— Input records —

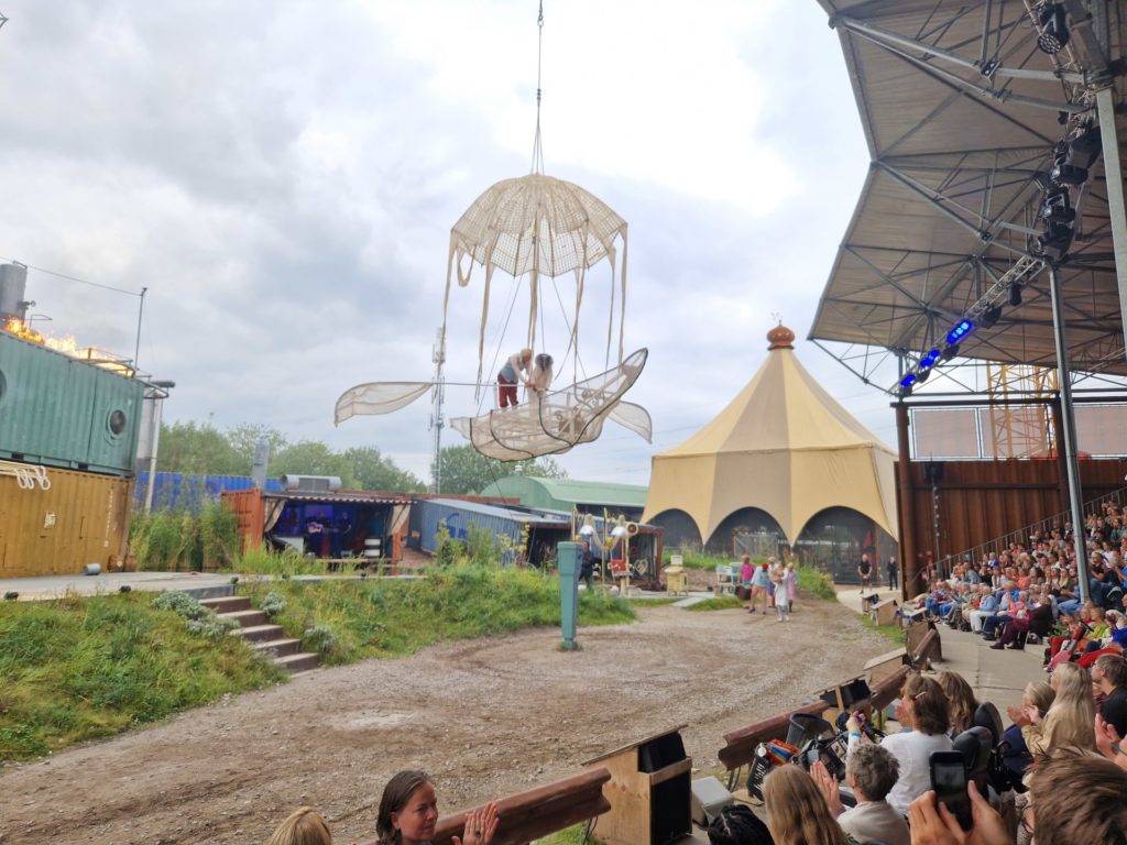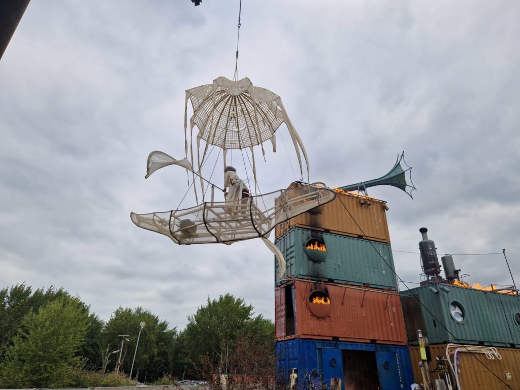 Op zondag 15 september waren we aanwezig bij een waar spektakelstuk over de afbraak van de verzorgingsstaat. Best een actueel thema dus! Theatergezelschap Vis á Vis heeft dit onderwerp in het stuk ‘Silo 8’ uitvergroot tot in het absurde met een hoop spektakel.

...

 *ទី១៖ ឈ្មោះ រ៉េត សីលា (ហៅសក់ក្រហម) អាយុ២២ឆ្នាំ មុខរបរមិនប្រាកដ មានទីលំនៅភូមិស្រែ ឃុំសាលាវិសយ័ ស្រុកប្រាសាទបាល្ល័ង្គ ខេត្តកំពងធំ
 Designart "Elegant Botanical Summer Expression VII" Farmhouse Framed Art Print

— Task instructions —
Every line from the line containing "ឃុំសាលាវិសយ័ ស្រុកប្រាសាទបាល្ល័ង្គ ខេត្តកំពងធំ" through the line containing "Framed Art Print" in the records above must be retyped exactly. Leave out the rest.

— Output below —
 *ទី១៖ ឈ្មោះ រ៉េត សីលា (ហៅសក់ក្រហម) អាយុ២២ឆ្នាំ មុខរបរមិនប្រាកដ មានទីលំនៅភូមិស្រែ ឃុំសាលាវិសយ័ ស្រុកប្រាសាទបាល្ល័ង្គ ខេត្តកំពងធំ
 Designart "Elegant Botanical Summer Expression VII" Farmhouse Framed Art Print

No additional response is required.